Possibility Thinking is How Einstein Did It

Albert Einstein is famous for creating thought experiments. Questions which begin with ‘what if’, ‘imagine that’, ‘how would’ represent a genre of imaginative questions recently termed as ‘possibility thinking’, as it encourages the child to consider alternative possibilities to situations – like Einstein.

Why Should I Ask Imaginative Questions?

Research is just beginning to explore the potential benefits related to possibility thinking. Creating a safe environment for children to imaginatively answer adult questions also encourages children to experiment with asking their own questions. As supported by social cognitive and attachment theories, when parents ask children questions, children learn to generate questions through imitation and are incentivized to try for the reward of the social interaction with their parents.

How Do I Ask Imaginative Questions During Shared Book Reading?

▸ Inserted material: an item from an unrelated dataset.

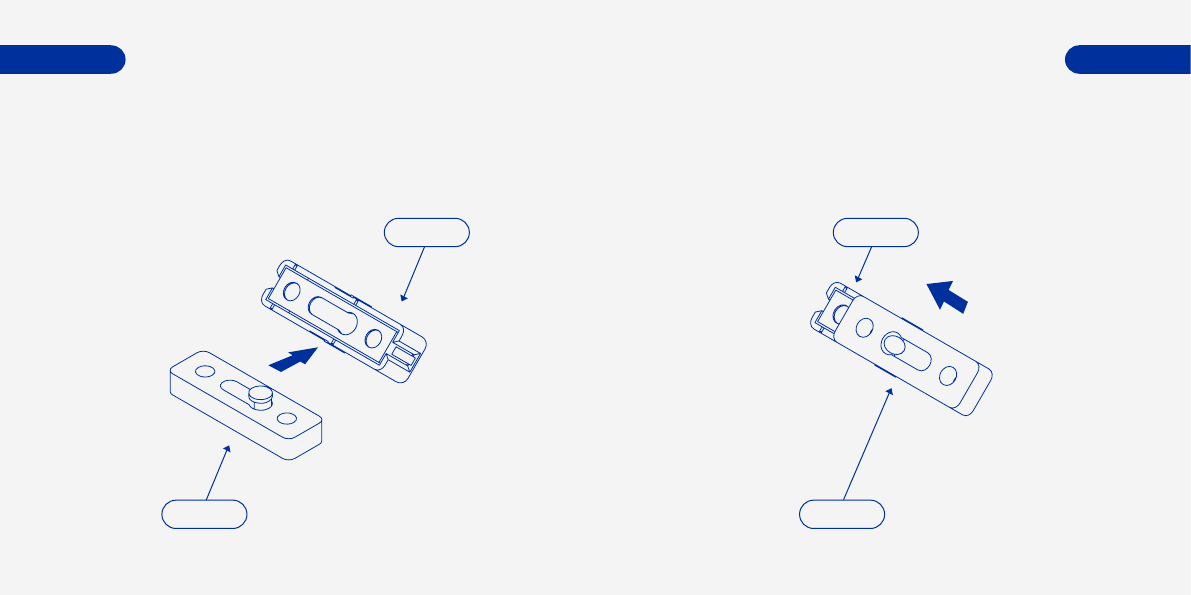 1. 2.Insert spacer pin into magnet base slot. Slide spacer forward to lock it onto the magnet.

In a small study in one classroom of 14 preschool children, creative open-ended questions were taped into children’s books, such as The Giving Tree by Shel Silverstein. Children were sent home with books with embedded question, and parents were encouraged to utilize the questions during book reading activities. While the sample was small, at the end of the study, all of the children preferred the books with the questions taped in, and qualitative feedback suggested that children liked the additional social interaction with their parents. Parents commented that the questions stimulated different kinds of discussion during book reading, which allowed them to listen to their children’s emotions and discover new ways in which their child thought or used imagination. Also by the end of the study, children were formulating more imaginative questions to ask each other or their parents. Possibility thinking could provide an additional technique to engage children in positive interactions with parents while building problem solving skills.

How Do I Ask Imaginative Questions During Reminiscing?

Possibility thinking during reminiscing could invoke the imagination to help identify alternative ways in which reality could have occurred, helping to prepare children for future experiences and to build problem solving skills. Preschool children do not have a repertoire of experiences from which to draw in order to consider alternatives to reality. However, what they do have is a flexible imagination which is not especially restricted by reason. A child’s imagination can join together ideas to represent creative and often fantastical resolutions adults may not have considered. Adults can make use of this channel into children’s behavioral processes by creating safe environments for creative thinking and by responsively following children’s interests. Asking children to think about alternative outcomes and the consequences can help build the skills necessary to regulate emotions and behaviors within a variety of possible circumstances children have yet to encounter.

Other Ways to Build Relationships with Children

Dinner time conversation for recollection and shared book reading for imagination are both important for helping children develop shared cultural meanings, self-identity, and behavioral and emotional control. While these approaches are helpful, there are alternative methods for creating shared meanings through recollection or imagination. There are additional important ways in which parents create shared cultural meanings through recollection or imagination. Here are some other ways.

  • Talking in the car on a drive
  • playing board games
  • dancing
  • crafting


Building Strong Relationships with Children

Building strong relationships with children relies on creating shared meaning with your child. Shared meanings requires processes of both recollection and imagination.

  • Recollection helps us make sense of the world in a chronological way.
  • Imagination helps us make sense of the world in a relational way.

Through reminiscing, we can recall what happened first, next and last, helping us to establish chronological stories, but once we begin to exaggerate or consider alternative possible outcomes, we have invoked imagination.